But again, all legislation bears traces of the time when it is framed, and must be adapted to the circumstances and requirements of that time. This is rightly insisted upon by the critics. But if Deuteronomy belongs to the reign of Josiah or Manasseh, what are we to make of the injunction to exterminate the Canaanites (xx. 16–18), and the Amalekites (xxv. 17-19) who had long since disappeared ?— an injunction which, as Prof. Green says, "would have been as utterly out of date as a law in New Jersey at the present time offering a bounty for killing wolves, or a royal proclamation in Great Britain ordering the expulsion of the Danes." *

"A law," he continues, "contemplating foreign conquests (xx. 10-15) would have been absurd, when the urgent question was whether Judah could maintain its own existence against the encroachments of Babylon and Egypt. A law discriminating against Ammon and Moab (xxiii. 3, 4), in favour of Edom (ver. 7, 8), had its warrant in the Mosaic period, but not in the time of the later kings.

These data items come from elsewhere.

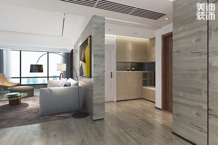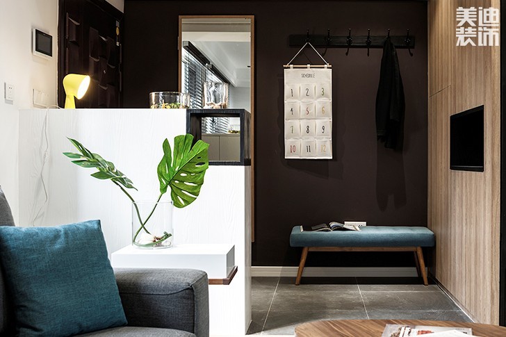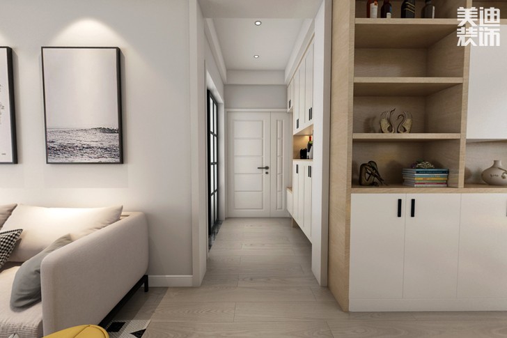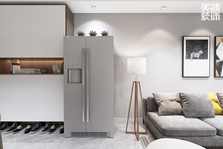 玄關進門處是鞋柜門,隱藏在其中的是旋轉鞋架,總共可以放70多雙鞋。這樣隱形的設計因其不占用空間,外表看起來簡單大方,實則暗藏玄機,容納性很強的特點,最近幾年在家居市場十分火爆。
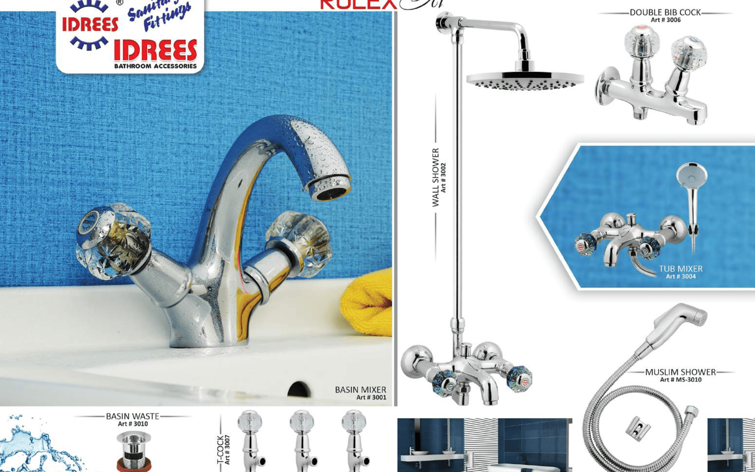 Experience the epitome of bathroom luxury with Idrees Sanitary and Fittings’ Rolax 2 Nob Bath Set Code 3012.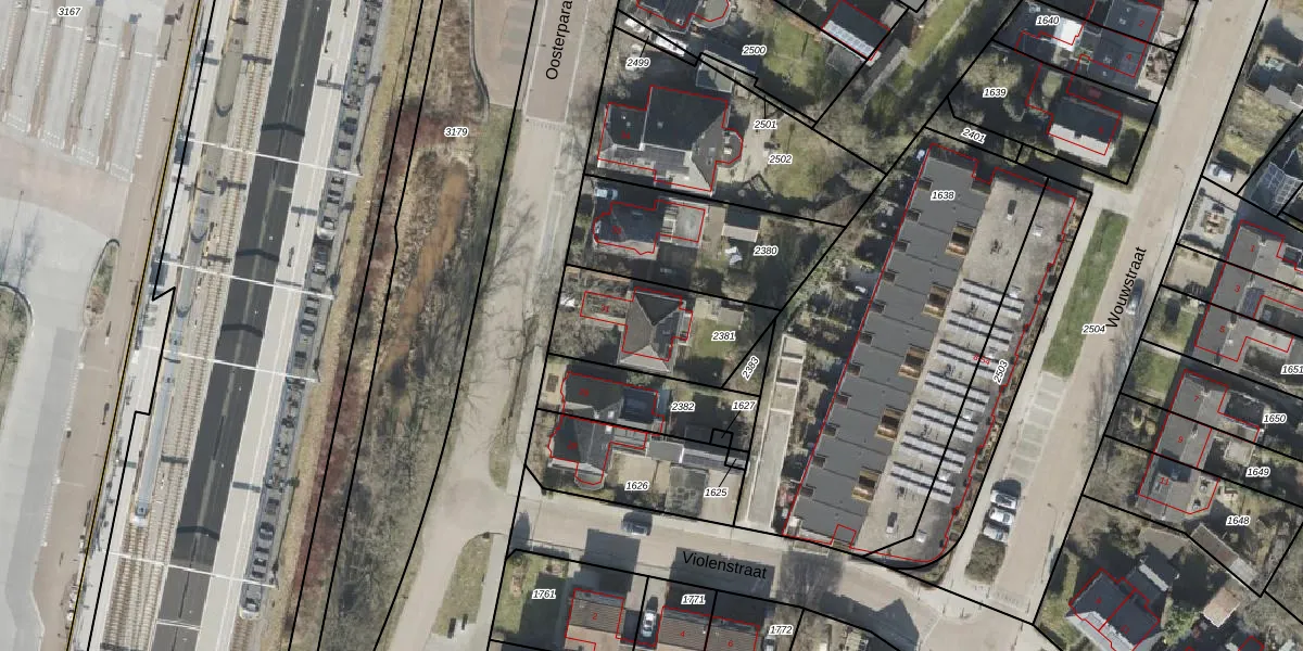 Gebruik de zoekbalk of klik op een perceel voor informatie over de adressen binnen dit perceel.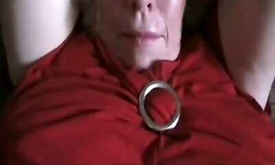 Insatiable, blonde granny is frolicking with her tits and her lovers shaft, in the kitchen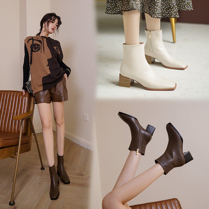 Белые весенние короткие сапоги, ботинки, французский ретро стиль, осенние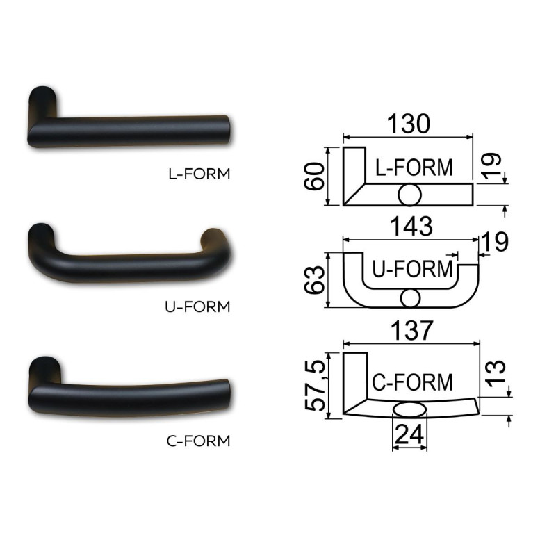 • Standardna kljuka v obliki "C-FORMA" - na zahtevo možnost izvedbe L-FORMA ali U-FORMA (prosimo, navedite v opombi ob naročilu).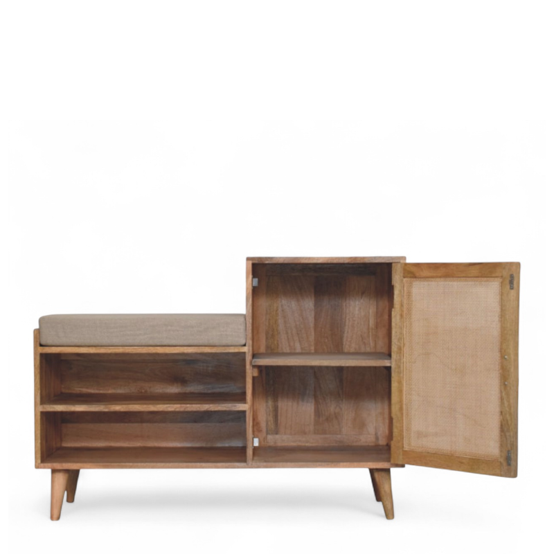 Featuring two spacious open slots, this storage bench is perfect for organizing shoes, baskets, or small essentials, while also serving as a comfortable seating option in your entryway, bedroom, or hallway. Hand-finished to highlight the natural grain of the oak-ish wood, every piece carries unique variations that celebrate artisan craftsmanship.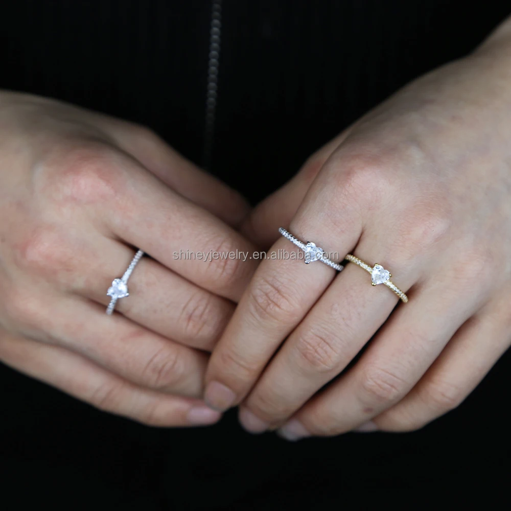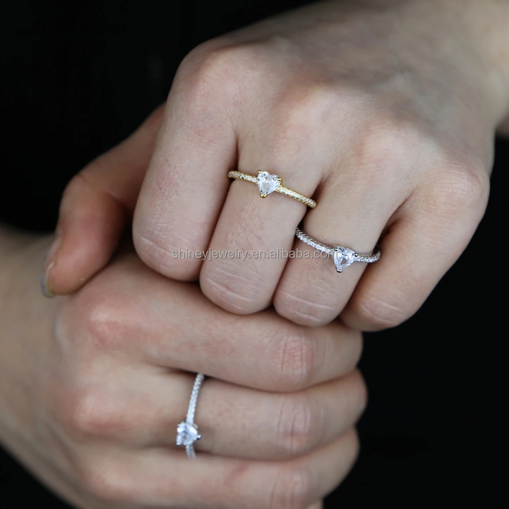 Hot sale Charming Heart Charm Zircon Rings For Women Wedding Vintage Valentine's Day 925 Sterling Silver Jewelry

Jeremiah discriminates precisely the other way, promising a future restoration to Moab (xlviii. 47) and Ammon (xlix. 6), which he denies

* "Moses and the Prophets," p. 63.

to Edom (xlix. 17, 18), who is also to Joel (iii. 19), Obadiah, and Isaiah (lxiii. 1-6) the representative foe of the people of God. The special injunction to show no unfriendliness to Egyptians (Deut. xxiii. 7) is insupportable in a code issued under prophetic influence at a time when the prophets were doing everything in their power to dissuade the people from alliance or association with them (Isa. xxx. 1, &c.; xxxi. 1; Jer. ii. 18, 36). The allusions to Egypt imply familiarity with and recent residence in that land; an impressive argument for obedience is drawn from the memory of bondage in Egypt (Deut. xiii. 5, 10; xx. 1); warnings are pointed by a reference to the diseases of Egypt (Deut. vii. 15; xxviii. 60). And how can a code belong to the times of Josiah which, while it contemplated the possible selection of a king in the future (Deut. xvii. 14, &c.), nowhere implies an actual regal government, but vests the supreme central authority in a judge and the priesthood (xvii. 8-12; xix. 17), which lays special stress on the requirements that the king must be a native and not a foreigner (xvii. 15) when the undisputed line of succession had for ages been fixed in the family of David, and that he must not 'cause the people to return to Egypt' (ver. 16), as they seemed ready to do on every grievance in the days of Moses (Num. xiv. 4), but which no one ever dreamed of doing, after they were fairly established in Canaan ?”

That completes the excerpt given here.